In order to anticipate the drug-like properties, which is the key step in the development of active molecule, the SwissADME online program was used²⁸. The main characteristics of a drug candidate are molecular weight, absorption, a limited amount of molecular flexibility and TPSA³². It is possible to assess a compound permeability and bioavailability using straight forward molecular information³³. Based on molecular properties using lipinski’s rule of five criteria states that a molecule is a drug like property if it has five-hydrogen bond donors, ten- hydrogen bond acceptors, five-partition coefficients logP, and the molecular weight of 500 daltons³⁴.

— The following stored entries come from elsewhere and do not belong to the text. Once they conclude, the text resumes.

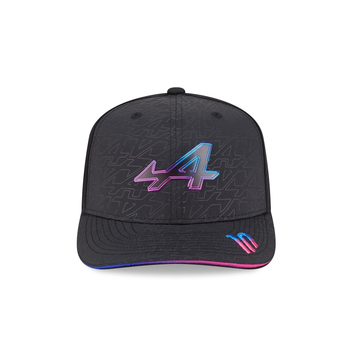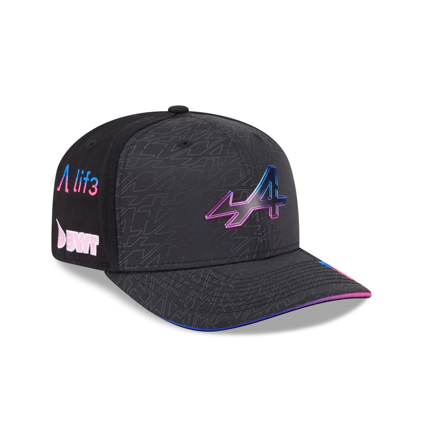 The BWT Alpine F1 Team 2025 Las Vegas Race Special Pierre Gasly 9SEVENTY Stretch-Snap features a raised iridescent BWT Alpine F1 Team logo at the front panels with the driver's number at the visor. Additional details include sponsor logos throughout the cap with an adjustable stretch-snap closure at the rear.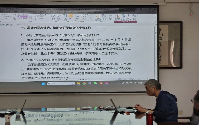 开展的其他相关工作”、“经验、不足和今后工作的思考”等5个方面进行了系统总结。大家一致认为,分会按照“三位一体”工作模式,坚持“有所为有所不为”的原则,尽管遇到了“疫情”的困难,仍然配合学院、校关工委与校“三老”协会开展了丰富多彩的活动,为立德树人、人才培养、党建、传承学院文化等做出了力所能及的贡献。大家以热烈的掌声通过了这个工作报告。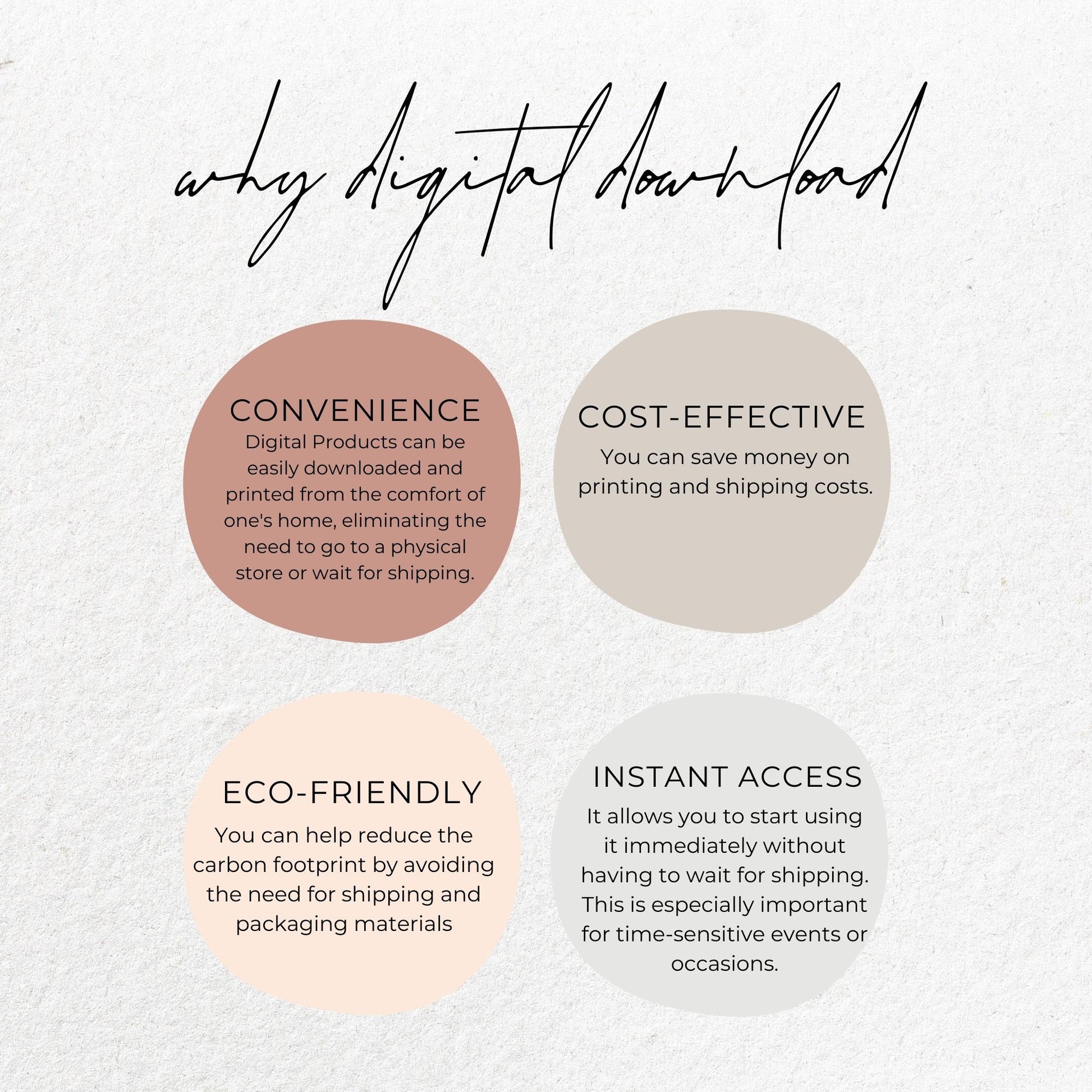 This is not a physical product, but a digital download. By purchasing the digital product, customers will receive a digital file that can be printed on a home printer or sent to a local print shop, making it a great choice for those who want a quick and easy solution for their special occasion.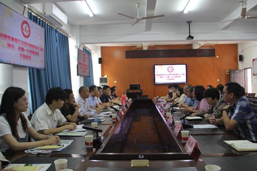 会后,洪副校长一行在我校副校长邱凯军、杨珊莹、余佩芳等领导的陪同下参观了学校校园,并深入走访了各个实训室。双方分组开展交流研讨活动,就学校思政课教学教研的内容、省学考备考上的经验等方面进行深入的交流与研讨。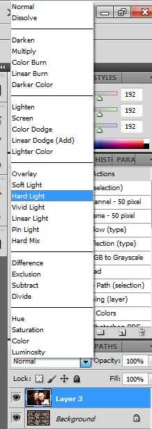 En el mosaico del archivo seleccione la capa que había pegada sólo en y cambia el modo de fusión a la dura luz (vea imágenes de la segunda y terceros).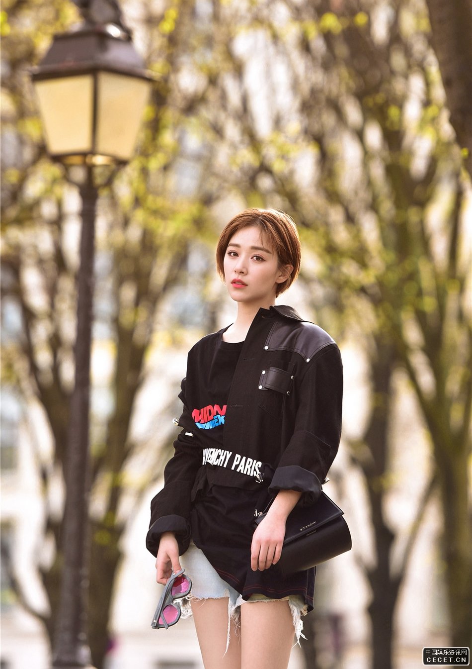 闞清子黑色長(cháng)T恤街拍 游走在巴黎街頭公園中
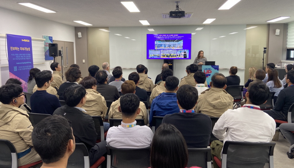 ▲캐서린 데이 카스 머크 수석부사장이 직원들을 대상으로 강연을 하고 있다.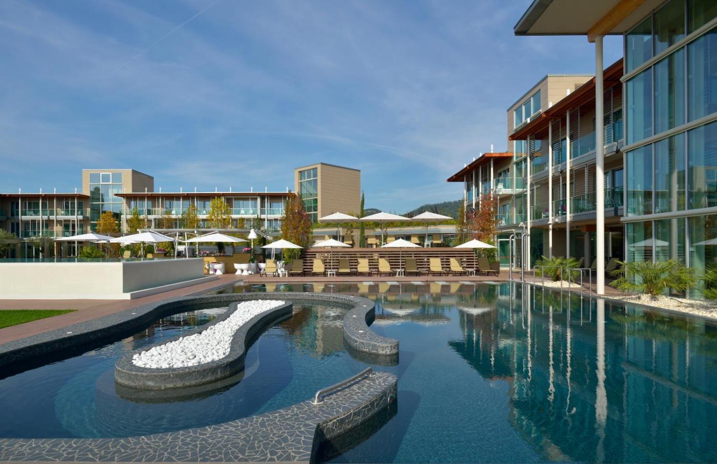 Aqualux is a brand-new hotel characterised by modern interiors, interesting architecture and extensive wellness facilities. It isin Bardolino on Lake Garda at the foot of Monte Felice. Parking is free.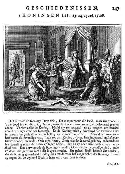 Description: Solomon’s first judgment. The Dutch artist Caspar Luiken (1672-1708) drew and etched this emblem, and his father, Johannes Luyken (1649-1712), wrote the accompanying poem.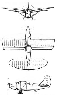 In the initial conception, a power plant that was developed as a project by the OKB-2 of MAI. This model was not yet ready at the time of the competition, so the initial power plant was a 27 hp Obré-Dunné, which was later changed to a 30 hp Bristol Cherub. The plane turned out to be somewhat heavier than the calculations, instead of 230 kg its weight was close to 400 kg. For this reason, after several modifications, a more powerful 45 hp Salmsom engine was installed.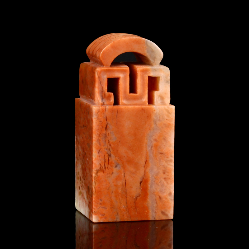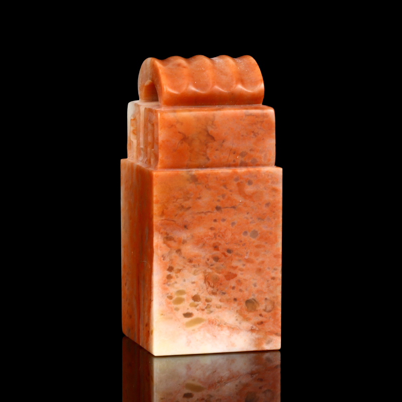 孤品016732-老挝石博古钮扁章-2.9*2.9*6.4cm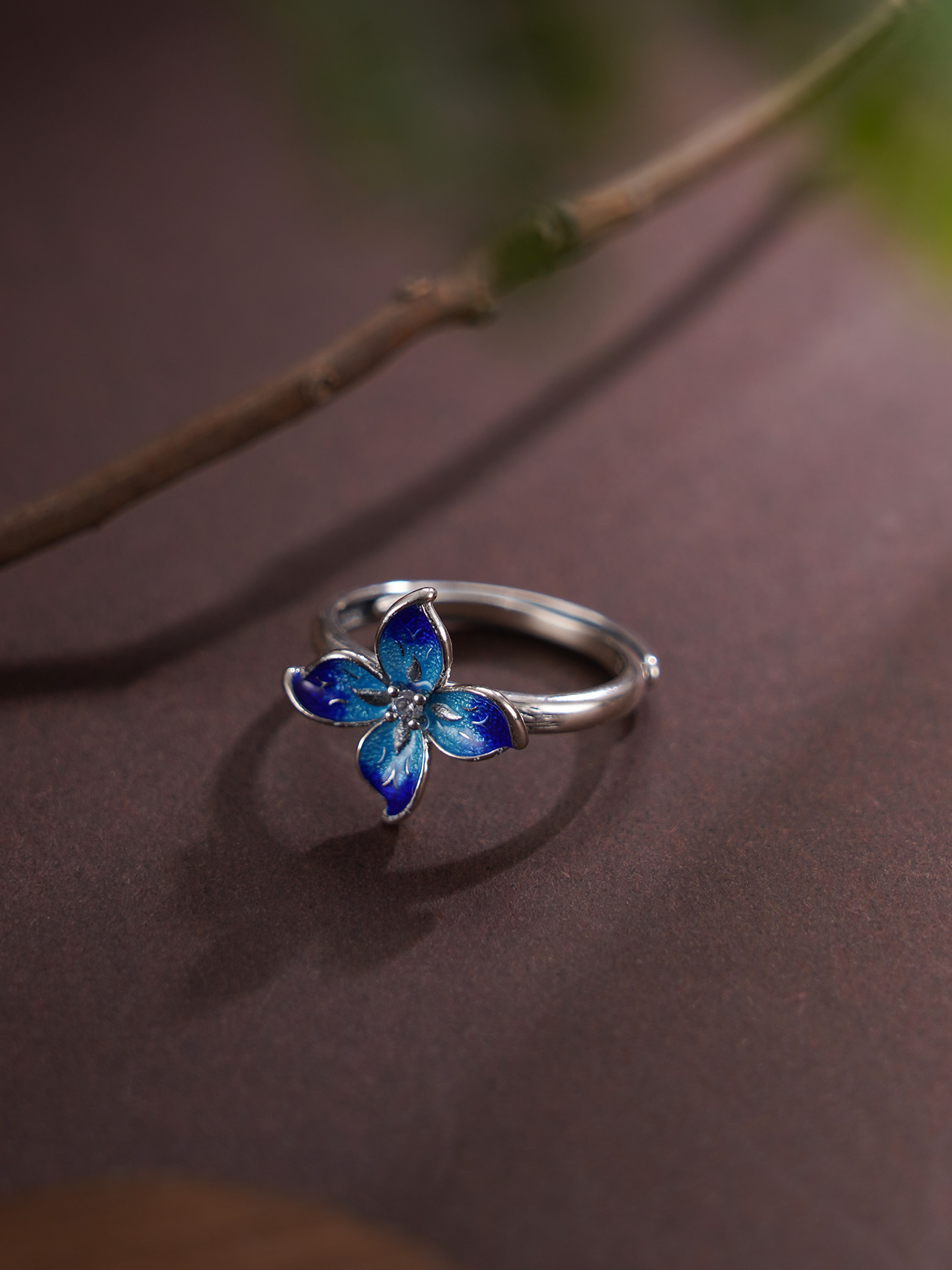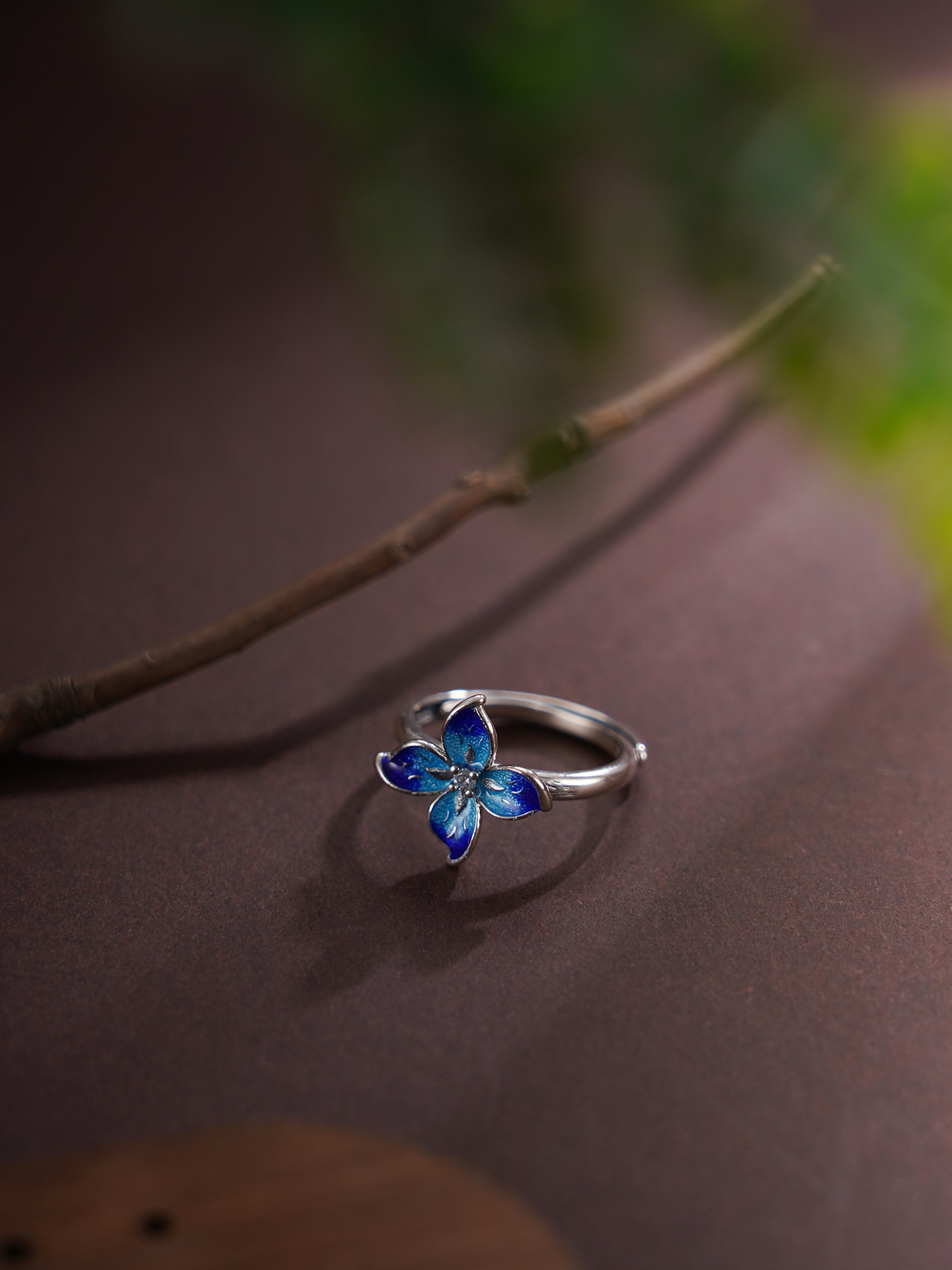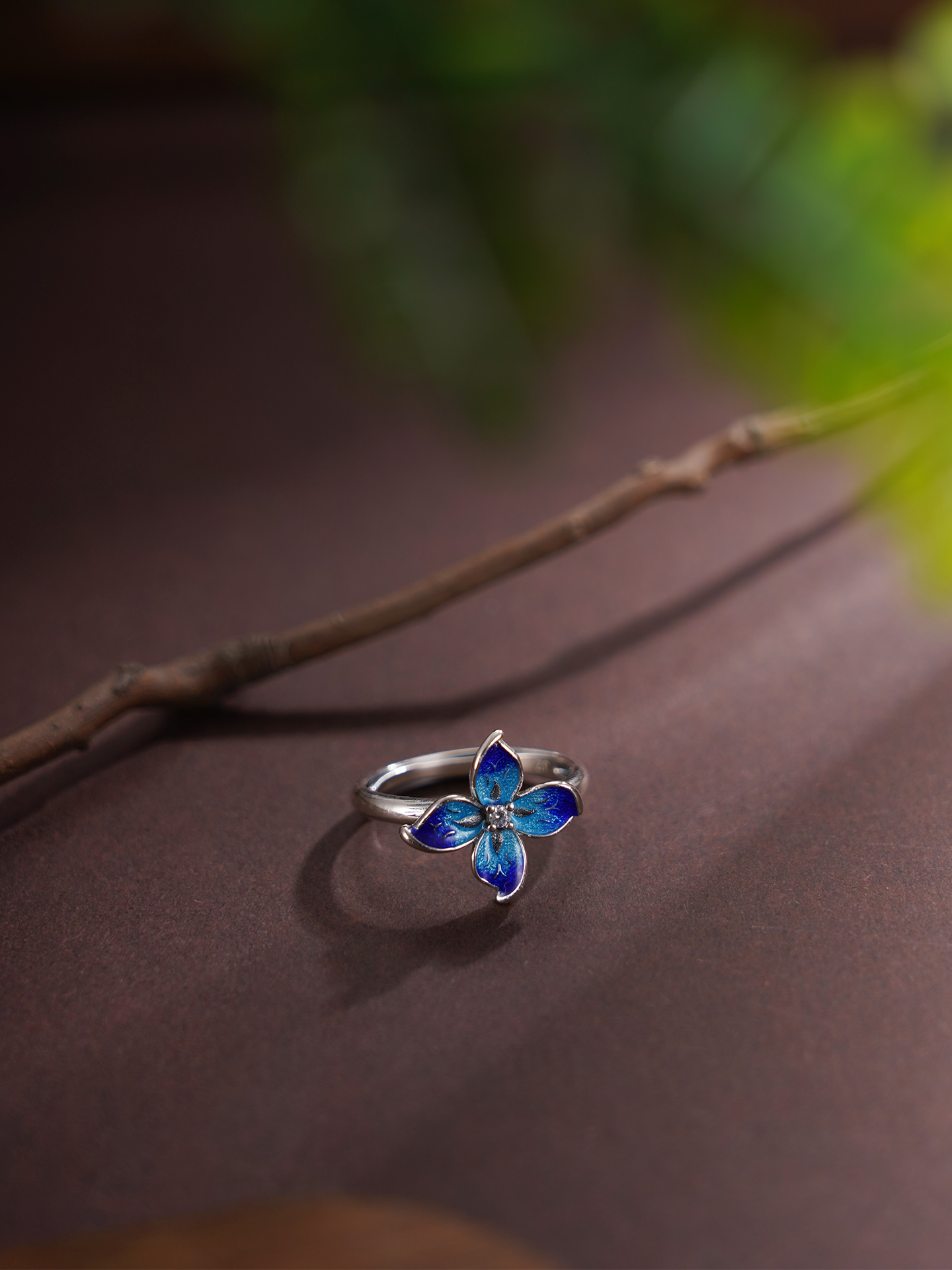 【寓意】:纯银花朵戒指,辅以珐琅工艺着色渲染

Molecular docking analysis

The crystal structures of tyrosine kinase and cyclin-dependent kinases were obtained from the PDB (ID: 7QHL & 2SRC)³⁵. The protein structure was generated using the protein synthesis programme from the Schrodinger suite 20.3. The protein preparation wizard allowed for the structure’s energy minimization, the insertion of the missing atoms, the elimination of water situated less than 5 from the binding pocket, and the addition of the missing atoms. The grid was made by identifying the active position of the co-crystal and creating a grid box in its centre. The ligands were drawn and the energy was minimised before being created via the Lig-Prep Schrodinger module to produce different conformers. Glide in standard precision mode was used to dock the conformers and the poses were sorted and the top pose was identified. It was known that previous reports stated that co-crystal of target CDK receptor binding modes that the three essential hydrogen binding interactions at active site besides hydrophobic interactions are GLU81, ASP86, and LEU83, and validation was confirmed by redocking of co-crystallized structure with target kinase.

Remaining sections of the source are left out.